2017-02-04 12:12 GMT+07:00 Dmitriy Setrakyan <dsetrak...@apache.org>:

> Hm... interesting. My questions are inline.
>
> On Mon, Jan 30, 2017 at 3:29 PM, Yakov Zhdanov <yzhda...@apache.org>
> wrote:
>
> > Guys,
> >
> > Currently when we do cache updates in FULL_SYNC mode we update near
> readers
> > (near cache entries) synchronously. This is quite big drawback in
> design, I
> > think. I get each near reader update at cost of 1 extra backup update. I
> > think everyone understands that partitioned cache easily turns to
> > replicated once near readers number increases. In TX cache cost of such
> > updates doubles.
> >
> > I do not see any benefit on updating near entries in sync way. Outdated
> > reads can still be possible if I don't read from primary or in TX
> context.
> >
>
> It still seems that outdated reads will be *more* outdated with async mode.

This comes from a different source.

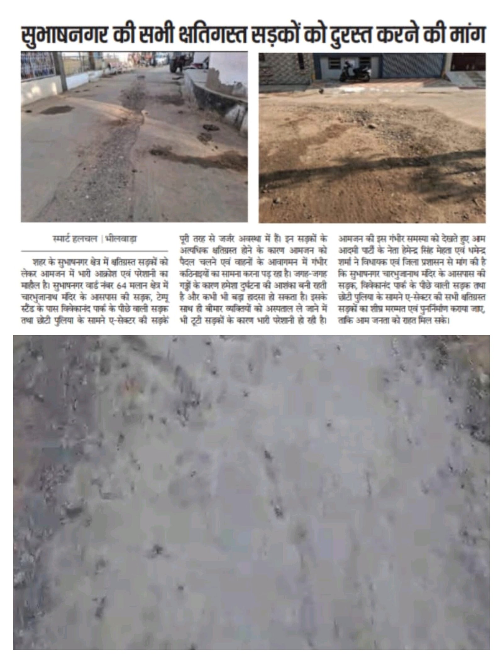 भीलवाड़ा। सुभाषनगर वार्ड 64 में चंबल जल योजना के कार्य के दौरान कई स्थानों पर सड़कें क्षतिग्रस्त हो गई थीं, जिससे क्षेत्र के लोगों को आवागमन में भारी परेशानी का सामना करना पड़ रहा था। इस समस्या को गंभीरता से लेते हुए आम आदमी पार्टी के नेता हेमेन्द्र सिंह मेहता ने स्मार्ट हलचल न्यूज के माध्यम से सुभाषनगर क्षेत्र की क्षतिग्रस्त सड़कों को शीघ्र ठीक करवाने की मांग पार्षद एवं प्रशासन से की थी। इस मांग पर त्वरित संज्ञान लेते हुए पार्षद एवं प्रशासन द्वारा सुभाषनगर वार्ड 64 में क्षतिग्रस्त सड़कों की मरम्मत का कार्य प्रारंभ करवा दिया गया। सड़क मरम्मत कार्य शुरू होने से क्षेत्रवासियों में खुशी का माहौल है और उन्होंने राहत महसूस की है। आम आदमी पार्टी ने कहा कि पार्टी हमेशा जनता की समस्याओं के समाधान के लिए प्रतिबद्ध है और आगे भी क्षेत्र के विकास तथा जनहित से जुड़े मुद्दों को मजबूती से उठाती रहेगी।

> Also, is there a guarantee that a near-cache update will happen at all, if
> you introduce the async mode?
>
> >
> > So, what I suggest:
> > 1. introduce flag for cahce - withSyncNearUpdates() or extra
> > CacheWriteSynchronizationMode.DHT_SYNC and make it default mode.
> >
>
> Is this going to be the default flag?
>
>
> > 2. Near entries are updated in async way
> > 2.1 in atomic mode together with backup updates
> > 2.2 in TX mode after tx is committed on primary
>
>
> Are you really suggesting that TX is committed without a guarantee that
> near cache update happened?
>
> I would also suggest to exclude near readers from lock acquisition/release
> > steps. Only force updates. Updates order will be ensured by single
> primary
> > node and
> > per-partition striping.
> >
>
> This would be a great optimization. It sounds like it could be done
> independently from sync or async updates of near caches, no?
>
>
> > 3. Near readers do not respond to primary. Once primary fails near
> readers
> > get invalidated, if primary is alive then communication recovery ensures
> > that message will be delivered to near.
> >
>
> I still don't see it. It is still possible for a near node to be alive, but
> unresponsive. In this case, there is a possibility that a near cache will
> never be updated, even though the transaction has already been committed.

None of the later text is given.